- _What needs to be done_
Set the listing down again exactly, please, apart from its pictures.

- _Material provided_

────────

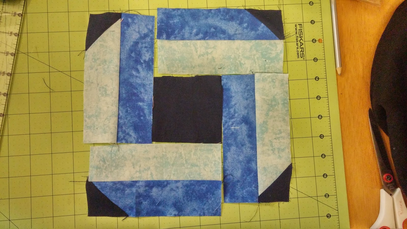 And now you're almost done! This is where the partial seams come into play. Lay out your pieces around your 3.5" x 3.5" center square.
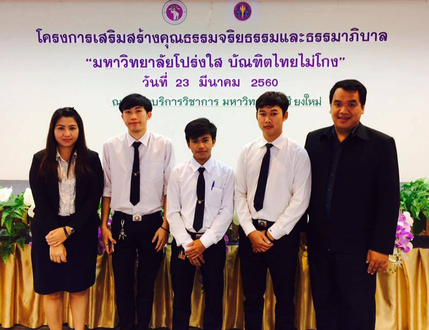 นายวีระศักดิ์ สายกุณาและนางสาวรุ่งทิวา เต็มแว่น เจ้าหน้าที่สำนักกิจการนักศึกษา นำตัวแทนนักศึกษามหาวิทยาลัยนอร์ท – เชียงใหม่ เข้าร่วมโครงการเสริมสร้างคุณธรรมจริยธรรมและธรรมาภิบาล “มหาวิทยาลัยโปร่งใส บัณฑิตไทยไม่โกง” ณ สำนักบริการวิชาการ มหาวิทยาลัยเชียงใหม่
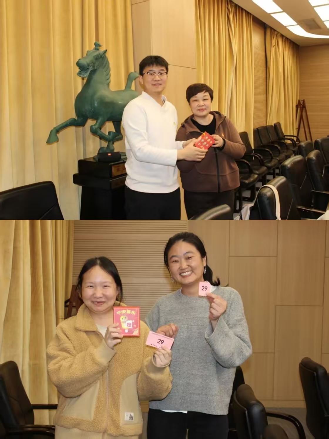 茶话会上,留校学生代表依次做了自我介绍,交流了留校安排、寒假规划和学习生活情况。与会师生围绕职业发展、学业成长、学术科研等话题展开了热烈交流,温馨愉快的氛围洋溢着整个会议室。活动中,还穿插了“击鼓传花”游戏和“幸运抽奖”,师生们极参与,现场气氛热烈。
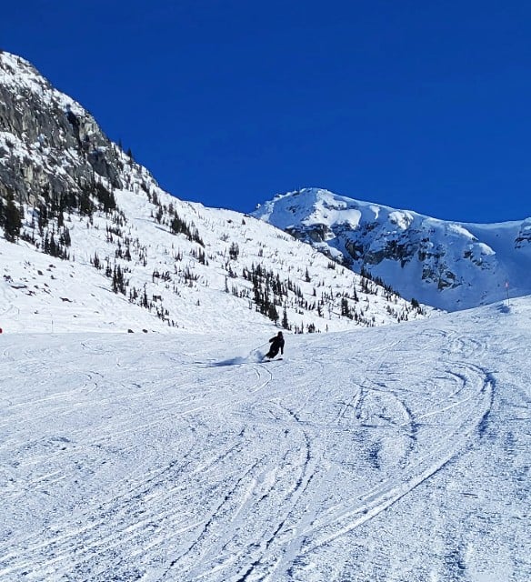 Our annual pre-President’s Day trip to Whistler, BC was bluebird, around 5 degrees F, and well-groomed very hard snow pretty much everywhere. The Montero AR was perfect for these conditions, making confident high-speed carving a joy and smoothing the shocks with Stöckli’s trademark silky ride. I’m not sure what accounts for it (some say it’s the epoxy they use) but there is a qualitative gap between the way this (and other Stöckli skis ride) and just about everything else. Six straight days of groomer zooming only served to confirm that the Montero AR was the right ski for the conditions.

────────

- _Answer to this task_
 And now you're almost done! This is where the partial seams come into play. Lay out your pieces around your 3.5" x 3.5" center square.
 นายวีระศักดิ์ สายกุณาและนางสาวรุ่งทิวา เต็มแว่น เจ้าหน้าที่สำนักกิจการนักศึกษา นำตัวแทนนักศึกษามหาวิทยาลัยนอร์ท – เชียงใหม่ เข้าร่วมโครงการเสริมสร้างคุณธรรมจริยธรรมและธรรมาภิบาล “มหาวิทยาลัยโปร่งใส บัณฑิตไทยไม่โกง” ณ สำนักบริการวิชาการ มหาวิทยาลัยเชียงใหม่
 茶话会上,留校学生代表依次做了自我介绍,交流了留校安排、寒假规划和学习生活情况。与会师生围绕职业发展、学业成长、学术科研等话题展开了热烈交流,温馨愉快的氛围洋溢着整个会议室。活动中,还穿插了“击鼓传花”游戏和“幸运抽奖”,师生们极参与,现场气氛热烈。
 Our annual pre-President’s Day trip to Whistler, BC was bluebird, around 5 degrees F, and well-groomed very hard snow pretty much everywhere. The Montero AR was perfect for these conditions, making confident high-speed carving a joy and smoothing the shocks with Stöckli’s trademark silky ride. I’m not sure what accounts for it (some say it’s the epoxy they use) but there is a qualitative gap between the way this (and other Stöckli skis ride) and just about everything else. Six straight days of groomer zooming only served to confirm that the Montero AR was the right ski for the conditions.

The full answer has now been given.